• _Stored data entries_:
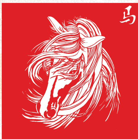
●白晋武 剪纸作品《奔马》
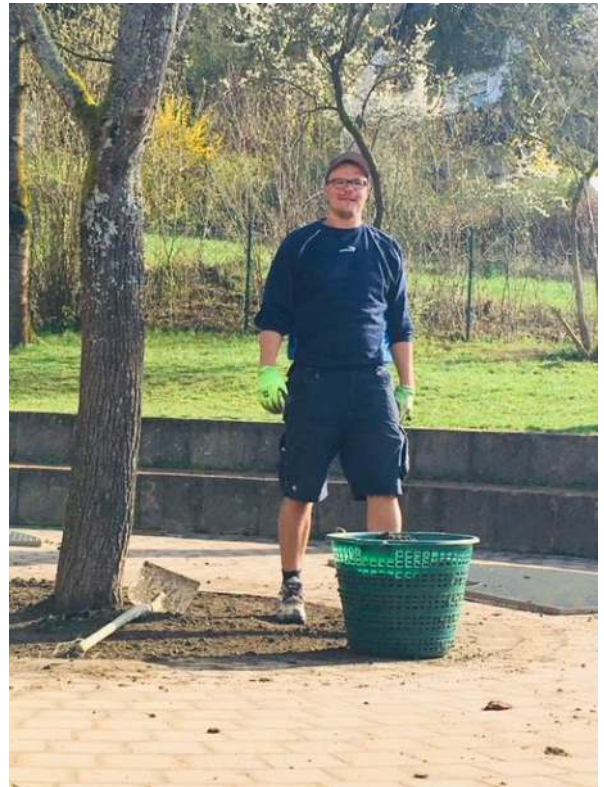
Unser Rondell von Schlamm und Schmutz befreit!

Vielen, vielen Dank an alle Helfer. Es hat ja an diesem sonnigen Tag nur so „gewimmelt“☺ und so schnell fertig waren wir noch nie!
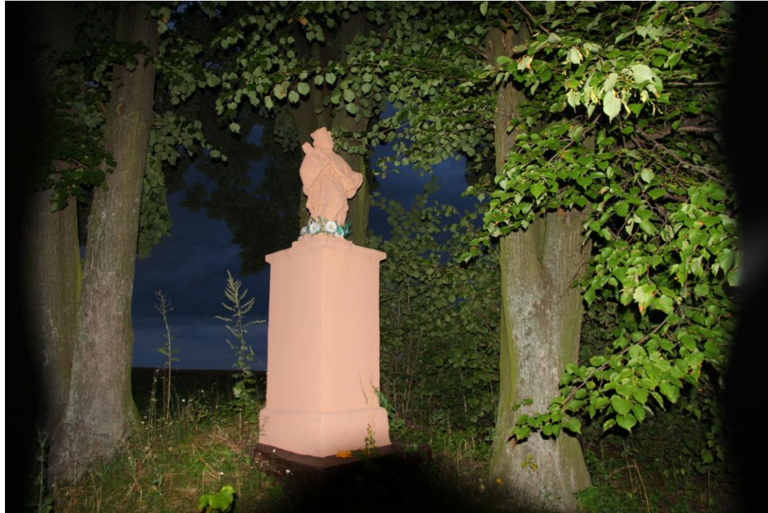
zdjęcia o zmroku
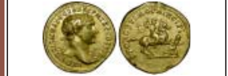
MONNAIES XXI, n° 2451 RARE, intéressant, TTB+, 3200 €
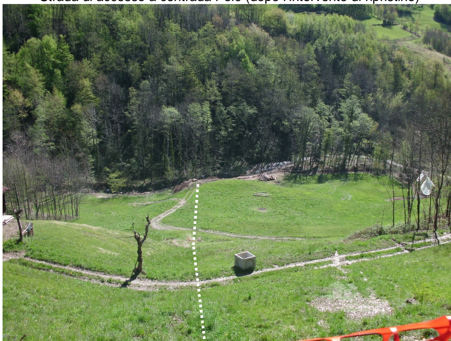
Zona compresa fra la strada di accesso a contrada Pelè ed il torrente (vista da monte)
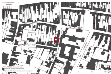
Situation sur données cadastrales 2008. IVR52_20094400504NUDA
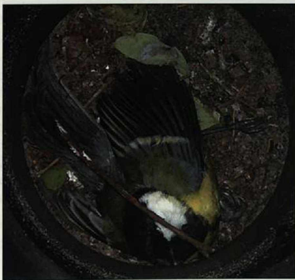
Abb. 4: Frisch tote Kohlmeise.

Fig. 3: Small dead songbird. The contours of the head, body and the left leg are visible.
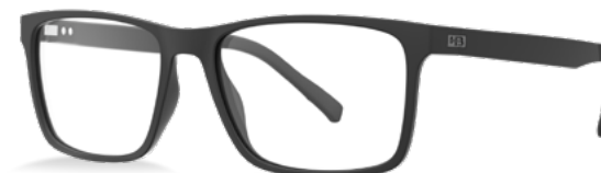
M Steel Blue Ref. 10105080438010
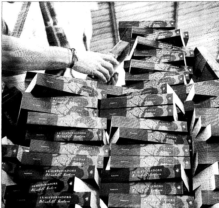
► Pilas de ejemplares de La historiadora en el almacén de la editorial Umbriel.
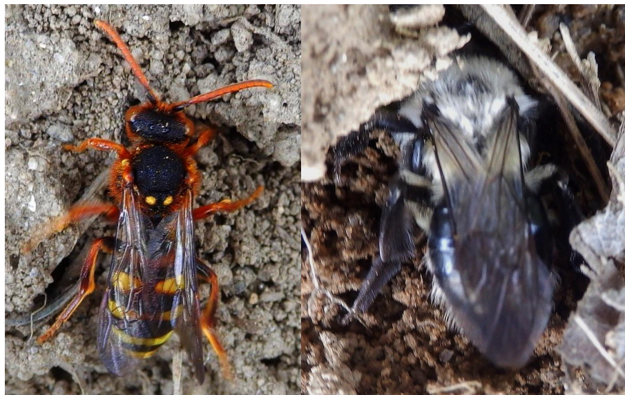
Nomáda ryšavá, pískorypka potulná, foto Eva Legátová

Včelky nomády ( Nomada ) jsou nápadné svým výstražným zbarvením v barvě černé, červené a žluté, kterým napodobují vosy. Mají zakrnělý pylosběrný aparát, redukované tělní ochlupení a naopak zesílenou kutikulu, jež je chrání před útokem hostitele. Jsou to totiž kukaččí včely, parazitují v různých, i nepříbuzných druhů samotářských včel. Samičky nomád pronikají do dočasně opuštěného hnízda samotářské včely, kde umístí své vajíčko. Larva pak odstraní hostitelské vajíčko nebo zabije vylíhlou larvu hostitele a dokončí svůj vývoj na přinesených zásobách potravy. U nás žije asi 70 druhů nomád. Dospělci se živí na květech. 7. 5. 2017 se mi podařilo vyfotit na Vysočině u obce Sněžné samičku nomády ryšavé ( Nomada lathburiana ). Je to jeden z větších druhů. Na stanovišti si hrabala noru hostitelská pískorypka potulná ( Andrena vaga ). Je zajímavé, že při páření postříká sameček nomády samičku feromonem hostitelské pískorypky, a tato vůně ochrání nomádu v případě setkání s pískorypkou v jejím hnízdě. Hodně zážitků při pozorování nomád i jejich hostitelek přeje čtenářům Kompostu Eva Legátová .
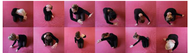
4 Passing On II Double-channel video, 4'12", 2015 © Nancy Atakan
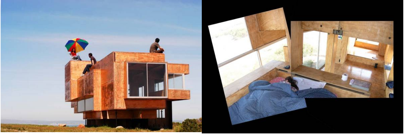
Resim 8/ SISTEMA M7 TUNQUEN COOPERATIVA URO1.

Şilili mimarların İspanya'da yaptığı ucuz konut çalışması (resim 8)
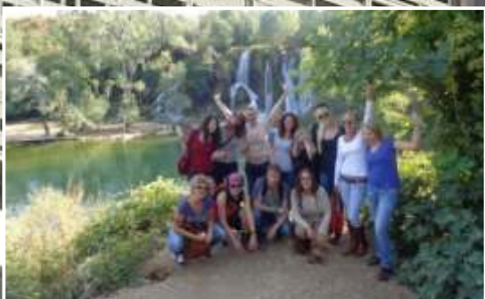
DOBRODOŠLI STUDENTI! WELCOME EXCHANGE STUDENTS!
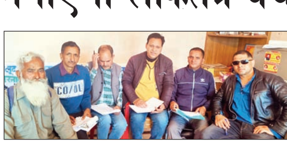
जोगिंद्रनगर में बैठक के दौरान मौजूद किसान सभा के सदस्य।

ने भी भाग लिया। बैठक के दौरान फैसला लिया गया कि संयुक्त किसान मोर्चा के अखिल भारतीय आह्वान पर किसान सभा अन्य जन संगठनों के साथ मिलकर जोगिंद्रनगर में 23 मार्च को भगत सिंह-राजगुरु-सुखदेव शहादत दिवस को धन और बाहुबल के खतरे से लोकतंत्र बचाओ दिवस के रूप में मनाएगी तथा उसके बाद गांव-गांव जन अभियान भी चलाएगी। 20 अप्रैल को भूमि अधिग्रहण के मुद्दे पर मंडी में होने वाली किसान कन्वेंशन में जोगिंद्रनगर के थैना पलौन प्रोजेक्ट के प्रभावित और संभावित फोरलेन
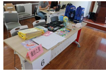
厂家根据招标文件所定制的样包
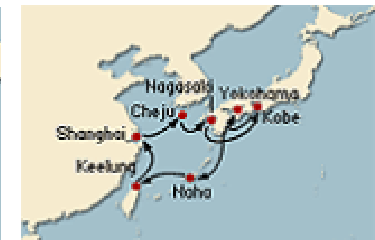
[그림 IV-1] 코스타 크루즈 제주기항 노선도(1) [그림 IV-2] 코스타 크루즈 제주기항 노선도(2)
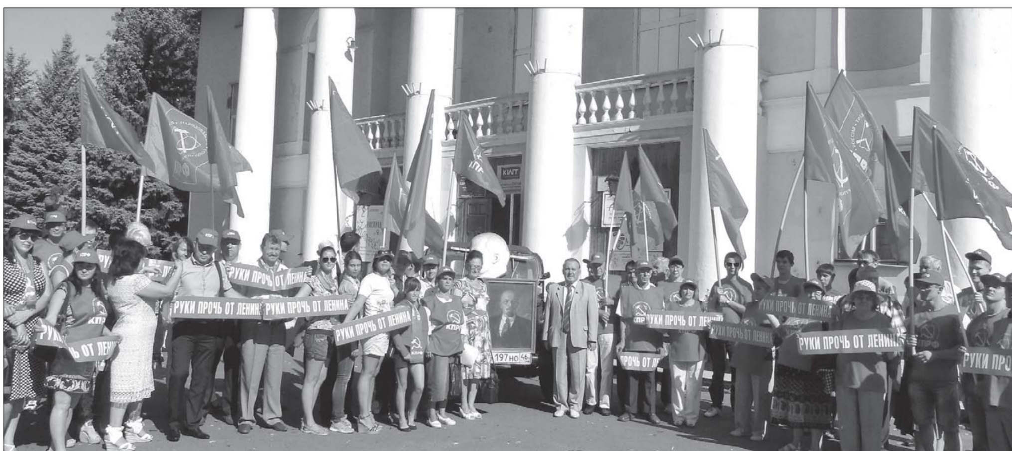
20 июля 2013 г. в Щиграх состоялась акция протеста против сноса памятника В.И. Ленину. Ее инициатором стал местный райком КПРФ. На митинг поддержать щигровцев приехали курские коммунисты.
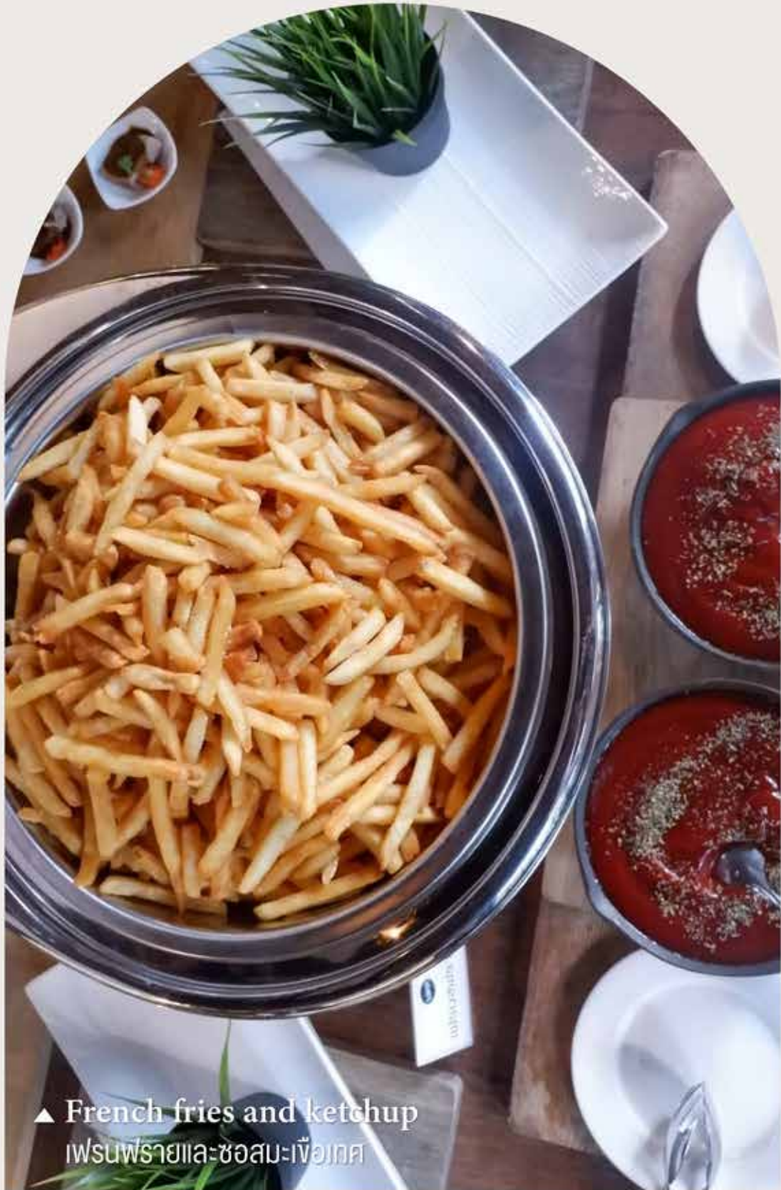
▲ French fries and ketchup เฟรนช์ฟรายและซอสมะเขือเทศ

• _EXERCISE OBJECTIVE_:
Word for word, please reproduce each entry above and leave out every picture.

• _RESULT_:
●白晋武 剪纸作品《奔马》
Unser Rondell von Schlamm und Schmutz befreit!

Vielen, vielen Dank an alle Helfer. Es hat ja an diesem sonnigen Tag nur so „gewimmelt“☺ und so schnell fertig waren wir noch nie!
zdjęcia o zmroku
MONNAIES XXI, n° 2451 RARE, intéressant, TTB+, 3200 €
Zona compresa fra la strada di accesso a contrada Pelè ed il torrente (vista da monte)
Situation sur données cadastrales 2008. IVR52_20094400504NUDA
Abb. 4: Frisch tote Kohlmeise.

Fig. 3: Small dead songbird. The contours of the head, body and the left leg are visible.
M Steel Blue Ref. 10105080438010
► Pilas de ejemplares de La historiadora en el almacén de la editorial Umbriel.
Nomáda ryšavá, pískorypka potulná, foto Eva Legátová

Včelky nomády ( Nomada ) jsou nápadné svým výstražným zbarvením v barvě černé, červené a žluté, kterým napodobují vosy. Mají zakrnělý pylosběrný aparát, redukované tělní ochlupení a naopak zesílenou kutikulu, jež je chrání před útokem hostitele. Jsou to totiž kukaččí včely, parazitují v různých, i nepříbuzných druhů samotářských včel. Samičky nomád pronikají do dočasně opuštěného hnízda samotářské včely, kde umístí své vajíčko. Larva pak odstraní hostitelské vajíčko nebo zabije vylíhlou larvu hostitele a dokončí svůj vývoj na přinesených zásobách potravy. U nás žije asi 70 druhů nomád. Dospělci se živí na květech. 7. 5. 2017 se mi podařilo vyfotit na Vysočině u obce Sněžné samičku nomády ryšavé ( Nomada lathburiana ). Je to jeden z větších druhů. Na stanovišti si hrabala noru hostitelská pískorypka potulná ( Andrena vaga ). Je zajímavé, že při páření postříká sameček nomády samičku feromonem hostitelské pískorypky, a tato vůně ochrání nomádu v případě setkání s pískorypkou v jejím hnízdě. Hodně zážitků při pozorování nomád i jejich hostitelek přeje čtenářům Kompostu Eva Legátová .
4 Passing On II Double-channel video, 4'12", 2015 © Nancy Atakan
Resim 8/ SISTEMA M7 TUNQUEN COOPERATIVA URO1.

Şilili mimarların İspanya'da yaptığı ucuz konut çalışması (resim 8)
DOBRODOŠLI STUDENTI! WELCOME EXCHANGE STUDENTS!
जोगिंद्रनगर में बैठक के दौरान मौजूद किसान सभा के सदस्य।

ने भी भाग लिया। बैठक के दौरान फैसला लिया गया कि संयुक्त किसान मोर्चा के अखिल भारतीय आह्वान पर किसान सभा अन्य जन संगठनों के साथ मिलकर जोगिंद्रनगर में 23 मार्च को भगत सिंह-राजगुरु-सुखदेव शहादत दिवस को धन और बाहुबल के खतरे से लोकतंत्र बचाओ दिवस के रूप में मनाएगी तथा उसके बाद गांव-गांव जन अभियान भी चलाएगी। 20 अप्रैल को भूमि अधिग्रहण के मुद्दे पर मंडी में होने वाली किसान कन्वेंशन में जोगिंद्रनगर के थैना पलौन प्रोजेक्ट के प्रभावित और संभावित फोरलेन
厂家根据招标文件所定制的样包
[그림 IV-1] 코스타 크루즈 제주기항 노선도(1) [그림 IV-2] 코스타 크루즈 제주기항 노선도(2)
20 июля 2013 г. в Щиграх состоялась акция протеста против сноса памятника В.И. Ленину. Ее инициатором стал местный райком КПРФ. На митинг поддержать щигровцев приехали курские коммунисты.
▲ French fries and ketchup เฟรนช์ฟรายและซอสมะเขือเทศ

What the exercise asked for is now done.